Essentially this is a short and simple tone poem reflective of the emotional warmth of the winter season. Winter is by far my favorite season, and the sugary-sweet melodies and harmonies of this piece reflect that affection.

This is the final version of a long line of renditions that spans almost my entire orchestral compositional history:

- The main "A" section started out as an unfinished and much simplified solo piano piece, and the minor-key "B" section started out as a short étude for solo classical guitar. [late 2006]

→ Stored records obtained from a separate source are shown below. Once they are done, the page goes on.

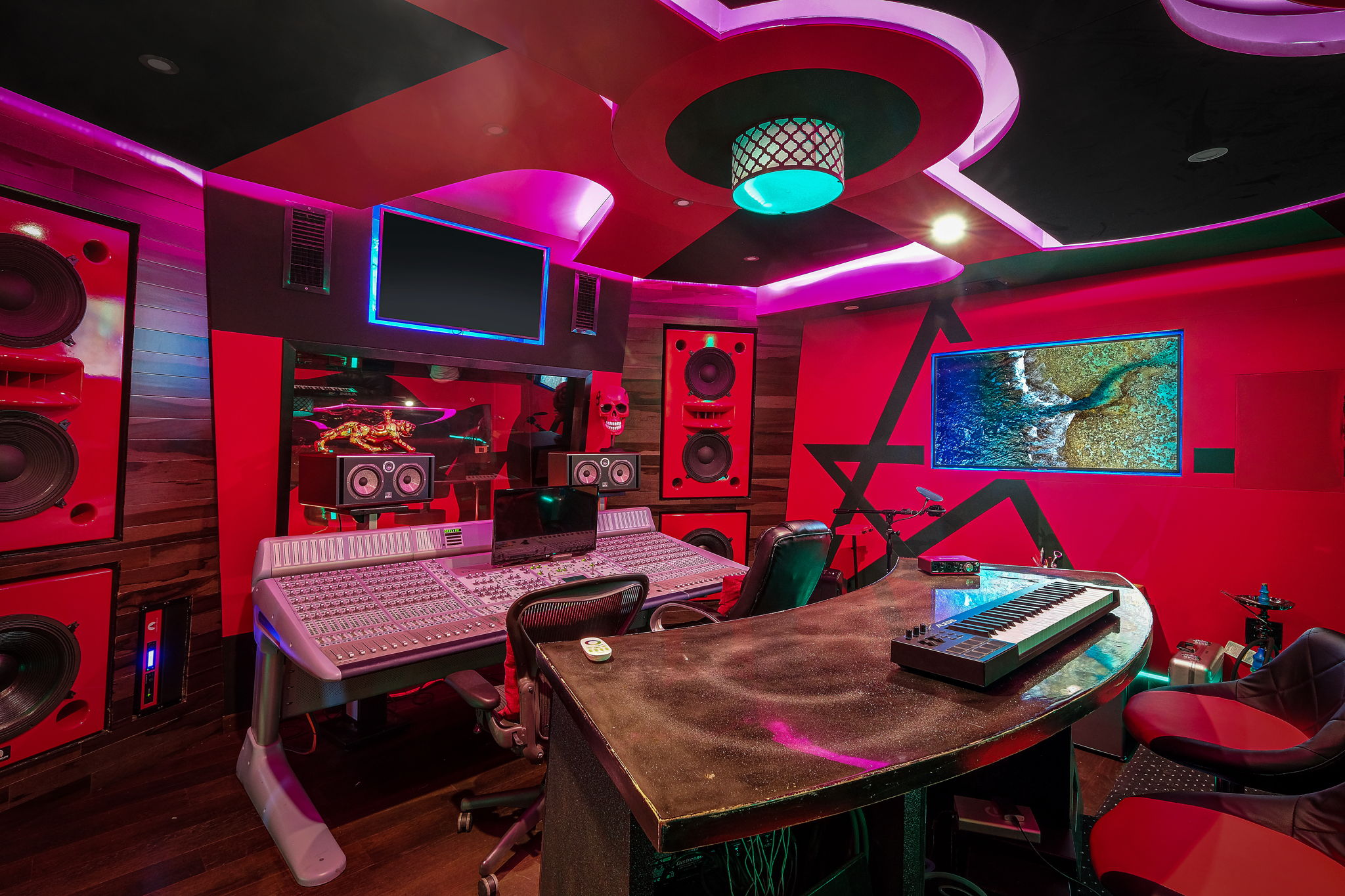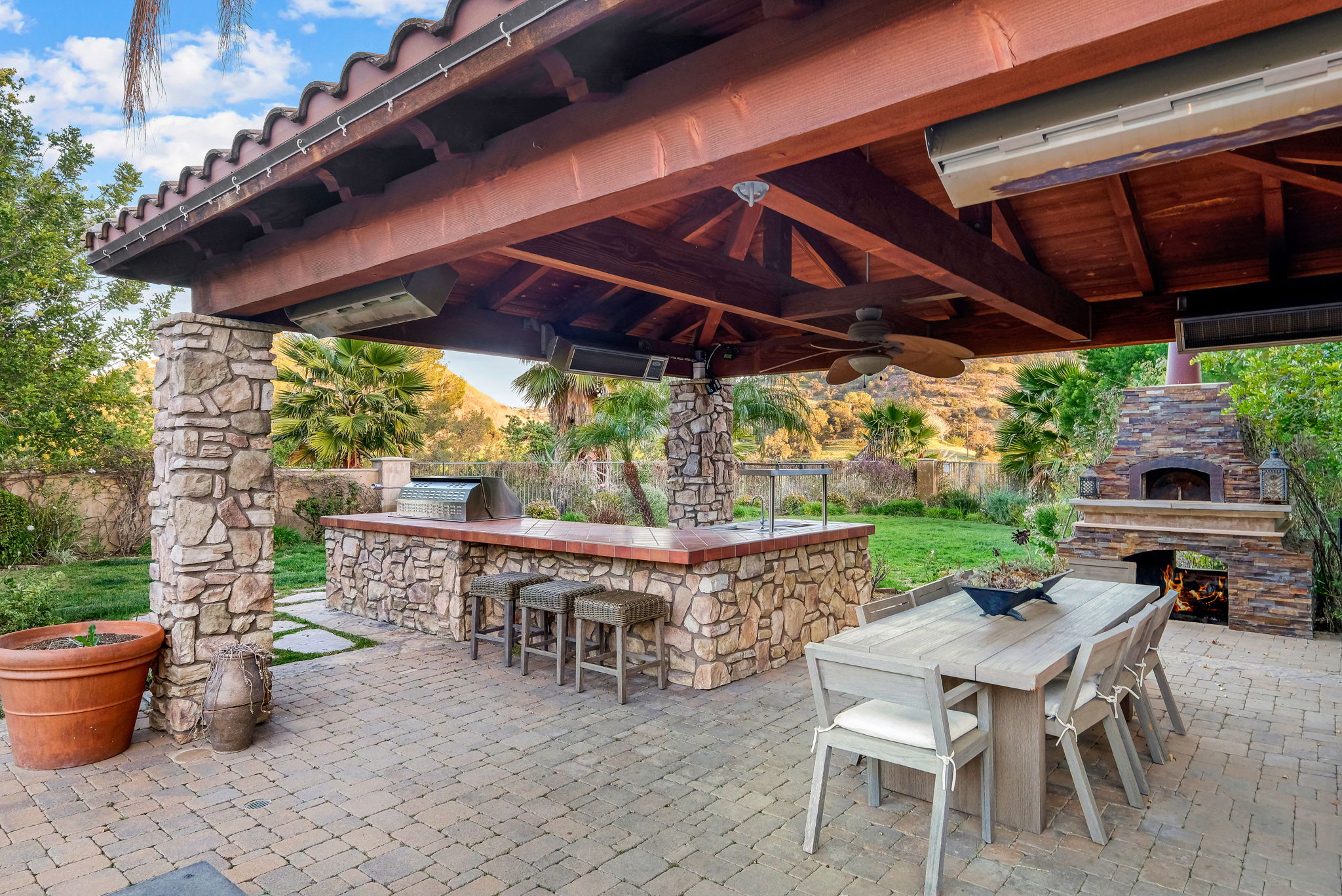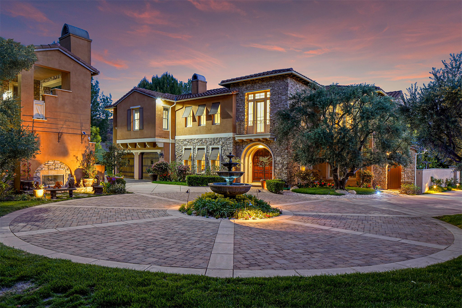 Located in the private and highly exclusive Mureau Estates gated community of Calabasas, this sprawling 3-acre celebrity-owned compound sits past a private gated driveway and large motor court. The main house offers massive scale with floor-to-ceiling windows, and a beautiful outdoor courtyard perfect for entertaining. 5 bedrooms, 5 baths, 5 fireplaces, stone tile floors, wine cellar, theatre, built-in bar, and impressive formal dining room. The kitchen is equipped w/Sub Zero fridge/freezer, Wolf Range/Oven, dual dishwashers, chef's island, breakfast nook area, and large pantry. The large owner's suite features a sitting area, spa-like bath, steam shower, and spacious closet. Exit into a resort-style backyard with pool/spa, cabana, Viking outdoor kitchen, and brick pizza oven. The detached guest house offers a spacious living room, full bath, walk-in closet, and terrace w/fireplace. A full recording studio has been fitted with the best equipment the industry has to offer. Home systems include built-in surround sound, Sonos, Control 4, security cameras, 4-zone heating/cooling, and solar panels.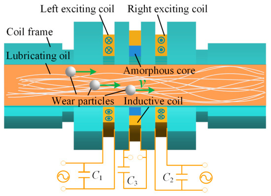 The core structure of the proposed wear particle detector is shown in Figure 1. Differing from the conventional wear particle detection sensor, which only includes a coil frame, two reverse exciting coils, and an inductive coil, the proposed particle detector adopts the resonance principle and an amorphous iron core to compressively improve its sensitivity. Based on the features of the sensor, the parallel resonance topology is used for the exciting coil to boost the impedance change of the coil caused by particles. Moreover, the series resonance principle is applied to the inductive coil to improve the induced electromotive force. Therefore, the resonant capacitors C1 and C3 are connected to the left and right exciting coils of the sensor in parallel, and the resonant capacitor C2 is connected to the inductive coil in series. The general working principle of the sensor has been expounded in Reference [22]. In order to achieve the flow requirements of wear monitoring for large-scale machines, the inner diameter of the sensor is set to 7 mm.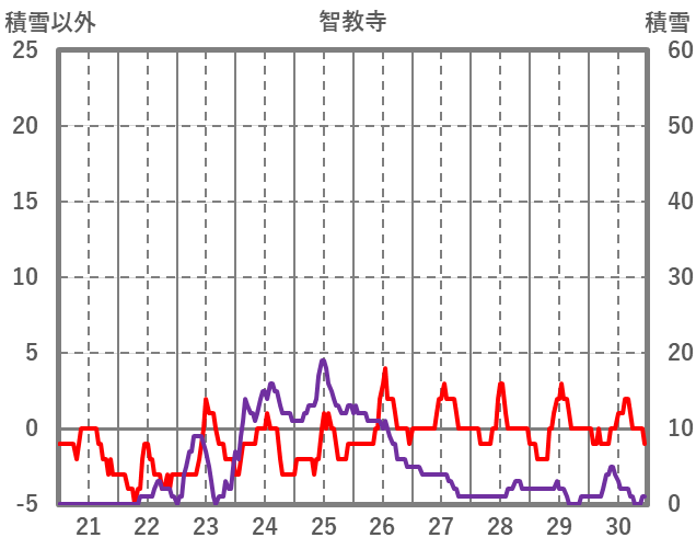 | 日 | 時 | 気温 | 降水 | 風向/風速 | 日照 | 積雪 | 降雪 |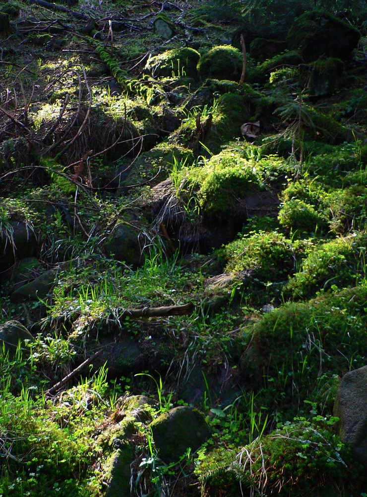 Lebo odtiaľ už len poriadne strmá zvážnica. Pozvoľne sa mení na chodník a naberá stále viac percent. Les okolo zdivočieva, navyše ostatná zima vďaka návalom snehu a následnému odmäku s víchrom tu pováľala preveľa stromov. Keď už potok spod kameňov obalených machom nevidno, len počuť, sklon a divokosť dosahujú svoje maximá, už to dlho netrvá a sme hore.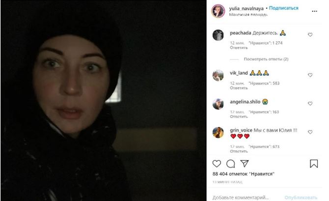 "Извините за плохое качество. Очень плохой свет в автозаке", – уже позже написала Навальная в своем Instagram прямо из автозака.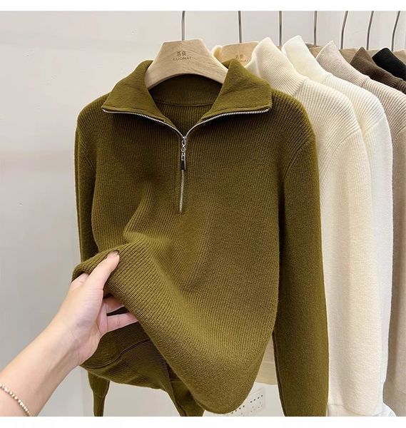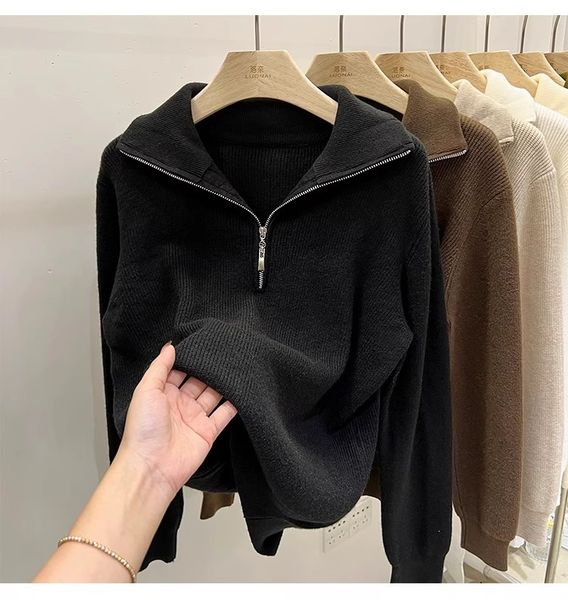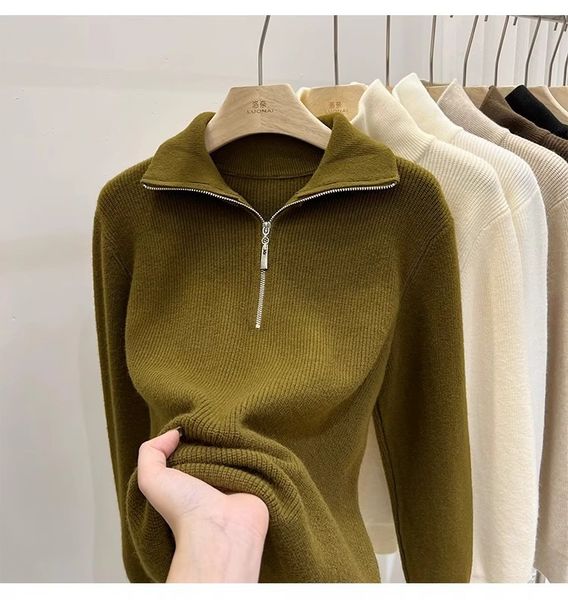 A747-Áo Len Dệt Kim Khóa Kéo Dài Tay Thanh Lịch Mùa Thu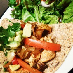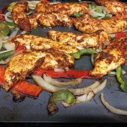 1Combine vegetable oil, chili powder, oregano, garlic, onion, cumin, salt, pepper, and cayenne pepper in a large resealable plastic bag. Add chicken tenders, bell peppers, and onion; shake to mix.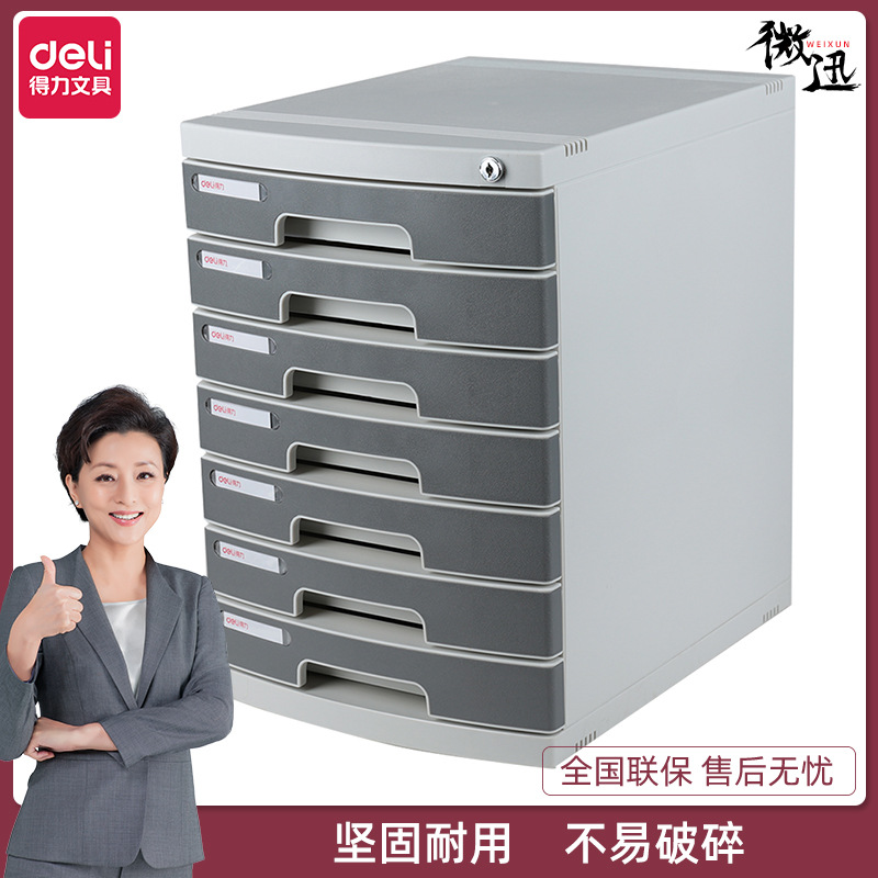 得力7层带锁文件柜8877桌面资料文件整理收纳柜塑料抽屉柜办公用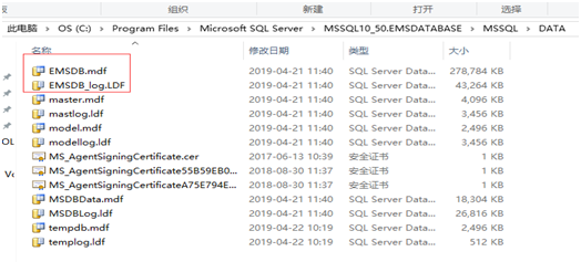 2、進(jìn)入C:\Program Files\Microsoft SQL Server\MSSQL10_50.EMSDATABASE\MSSQL\DATA目錄,把這兩個文件復(fù)制備份。

- For my end-of-the-year project in my twelfth-grade AP Music Theory class, I arranged and further developed the two sections into a single movement for string quartet. Unfortunately, the "class premiere" went awfully, because they didn't rehearse it enough (only once or twice!), and I was so embarrassed that I never want to see the teacher again. >_< [early-to-mid June 2007]

- After the class ended, I orchestrated it more interestingly, and this is the version you'll hear now. [late June 2007]

Scored for:
- Celesta
- Violin 1 section
- Violin 2 section
- Viola section
- Cello section
- Soprano section
- Alto section
- Tenor section
- Bass section
- Harp
- Harpsichord
- Contrabassoon

Snegurochka Overture in F major - Adagio e dolce

Thanks for checking this out. I look forward to receiving your feedback/comments/criticism.


----------



## Celloman (Sep 30, 2006)

You have nice, solid chord progressions, which I like. Your melodies are very nice, simple but pleasing to the ear. Now, you might want to add some complexity, eg., countermelody, rhythmic accompaniment, moving tones, etc. Overall, though, I think you have some excellent creativity coming to you. Keep up the good work!


----------